What Alan and Shawn recommend is {probably} the best practice regarding the usage of CRC32 and SCD processing. You need not be concerned about the liklihood of "collisions" for the reasons that Alan pointed out plus some fairly complex math. The liklihood of a failure to generate the correct CRC for a given row thereby incorrectly updating or not updating a particular row is 1 in 4,294,967,296. This does not mean that if you process 4294967296 rows of data in a given run that a failure will happen (and in all liklihood you will not see a failure in a recordset of this size).

ray.wurlod · Post by **ray.wurlod** » Thu Jun 02, 2005 4:27 pm

baabi_26 wrote:I am trying to show my job design to handle the change capture. How can I paste/attach my job design in the forum/message.
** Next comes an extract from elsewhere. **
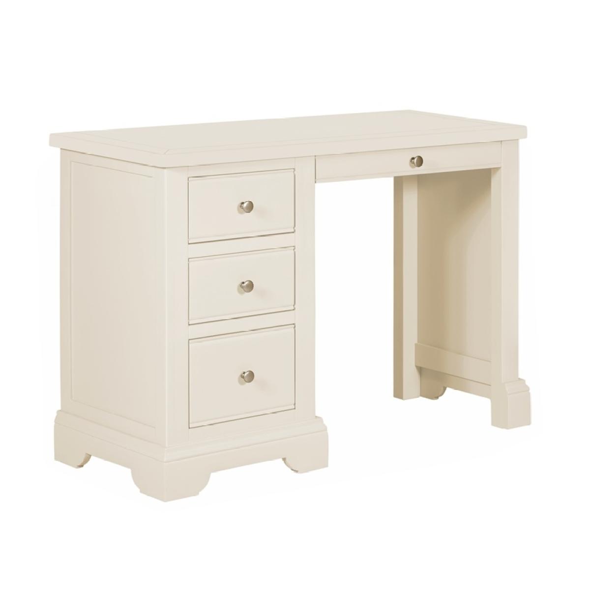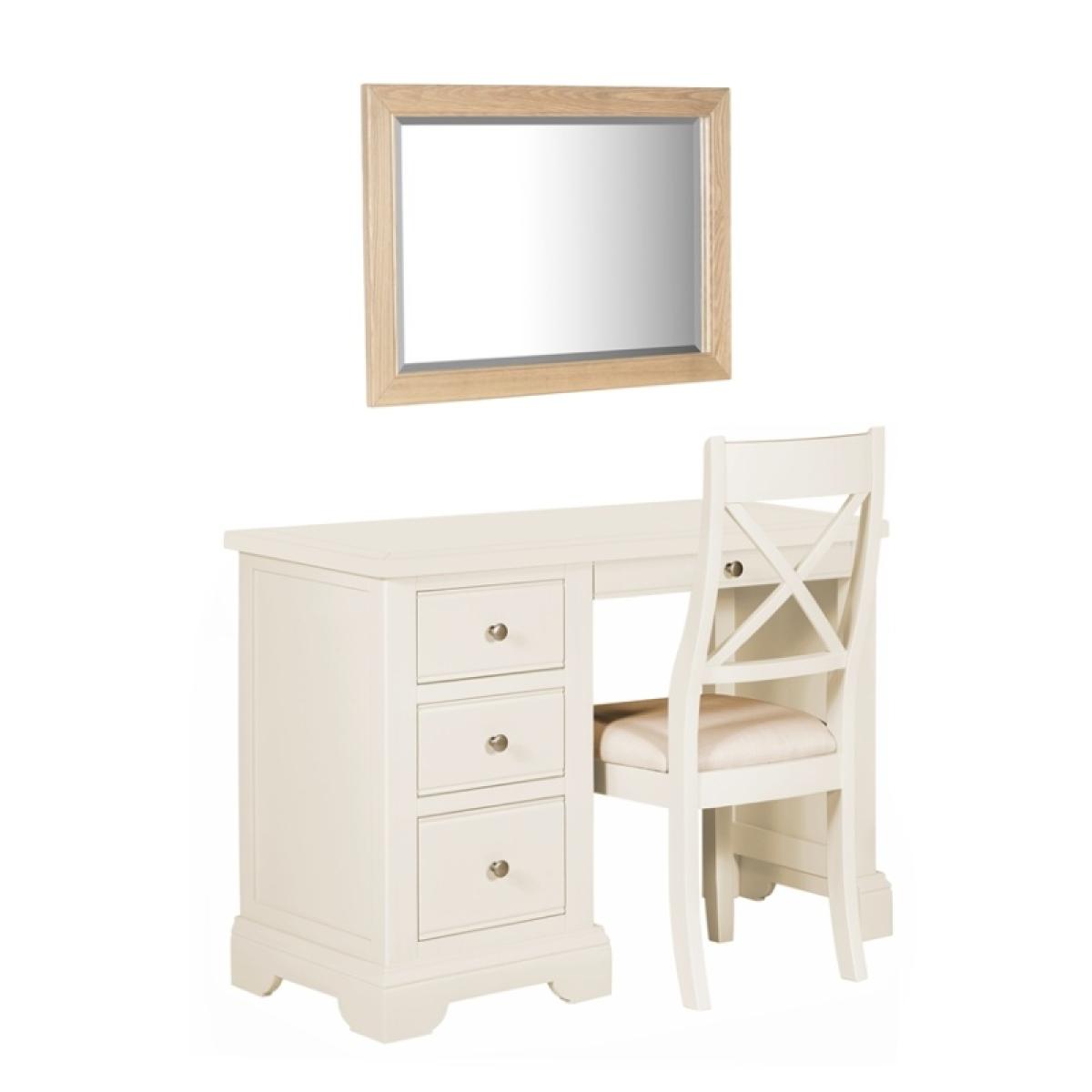 The Rouen range brings a sense of freshness and contemporary vibe to your home interior. With its white painted finish and a touch of vintage, this country-style collection is going to bring that cozy and warmth that you seek. Transform your home and make it a peaceful abode for your family. It is easy when you decorate it with the Rouen furniture range. Dressing table, the perfect place to apply makeup, catch up on work or do some self care. Contains drawers to store anything from hair/makeup products to those bits and bobs lying around. Goes perfectly with the Rouen dressing table mirror. Features: Colour - White Part Assembled (some assembly required) Dimensions: Height 76.6cm Width 112.5cm Depth 43.1cm All screens vary in colour reproduction and whilst every effort has been made to display the colour as accurately as possible it is for guidance only.

This forum does not support attachments of any kind.

The recommended approach is to show your job design inside a set of Code tags. Use Preview iteratively until the layout is correct before submitting.

chulett · Post by **chulett** » Thu Jun 02, 2005 7:00 pm

Well... not attachments of any kind, but it should support images as long as they are hosted somewhere accessable. So it would be possible (and I seem to recall at least one person actually doing this here) to take a screen print of a job, save it as a .jpg or .bmp (etc) and putting it on an image hosting site. Then the Img tags could be used to show it here.

Here are some well thought of sites to consider, if you don't own your own:

http://www.imageshack.us/
http://www.photobucket.com/
http://www.photodump.com/

Let me see if it works... brb...

Click on the thumbnail for the Big Picture.

This is done from Image Shack and you don't even need to register. The black bar on the bottom of the thumbnail is (apparently) optional and they provided the forum code complete with tags I just copied and pasted into the post.

mhester · Post by **mhester** » Fri Jun 03, 2005 7:27 am

Craig,

Very, very cool! Now we can share images with others - I like it!